Collected material below:

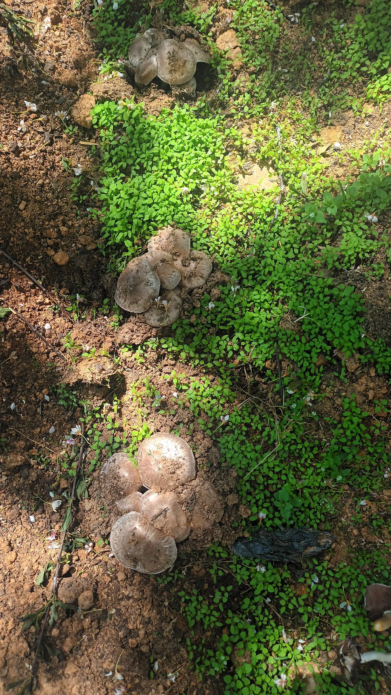 한 주 전쯤 버섯 한송이 발견했었다. 그때만 해도 그럴 수도 있겠다 싶었다. 자두나무 밑동에서 가끔 영지버섯 한 개 정도 보았기 때문에 별다른 의구심은 들지 않았었다.
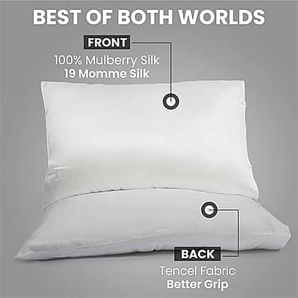 - QUALITY MATERIAL: This pillowcase has two layers of comfort, one of which is 100% mulberry 19 momme silk. On the other side of the pillow, Tencel is used. Dermatologists recommend silk pillowcases because they are gentler on the skin than cotton pillowcases
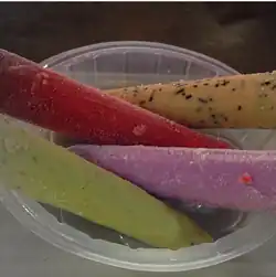 - Kulfi is a frozen dairy dessert eaten across all South Asian countries with its popularity stretching as far as Myanmar. Often dubbed "Indian ice cream", its taste for the most part will remind you of ice cream though there are a few key differences. Kulfi is made from evaporated milk and sugar does not contain eggs and is not whipped or aerated. As a result, kulfi is denser, creamier and slower to melt than ice cream and can have a slightly chewy texture. The most common shape of kulfi is a long, thin cone. When you buy it from stalls or trucks on the street it is usually served on a stick, while in restaurants it is given in a cup or plate. The traditional flavours include malai (cream), cardamom, rose, pistachio, mango and saffron. For those with allergies, keep in mind that even non-nut flavours often contain nuts (almonds, pistachios and cashews being most common). Nowadays, much like ice cream, you will find hundreds of flavours as you shop around and go to different vendors.

End of Collected material.

__Problem to work on__: Output only the lines that run from the line containing "- QUALITY MATERIAL: This" to the last line of the data, exactly as they stand and without pictures.

__Result below__:
 - QUALITY MATERIAL: This pillowcase has two layers of comfort, one of which is 100% mulberry 19 momme silk. On the other side of the pillow, Tencel is used. Dermatologists recommend silk pillowcases because they are gentler on the skin than cotton pillowcases
 - Kulfi is a frozen dairy dessert eaten across all South Asian countries with its popularity stretching as far as Myanmar. Often dubbed "Indian ice cream", its taste for the most part will remind you of ice cream though there are a few key differences. Kulfi is made from evaporated milk and sugar does not contain eggs and is not whipped or aerated. As a result, kulfi is denser, creamier and slower to melt than ice cream and can have a slightly chewy texture. The most common shape of kulfi is a long, thin cone. When you buy it from stalls or trucks on the street it is usually served on a stick, while in restaurants it is given in a cup or plate. The traditional flavours include malai (cream), cardamom, rose, pistachio, mango and saffron. For those with allergies, keep in mind that even non-nut flavours often contain nuts (almonds, pistachios and cashews being most common). Nowadays, much like ice cream, you will find hundreds of flavours as you shop around and go to different vendors.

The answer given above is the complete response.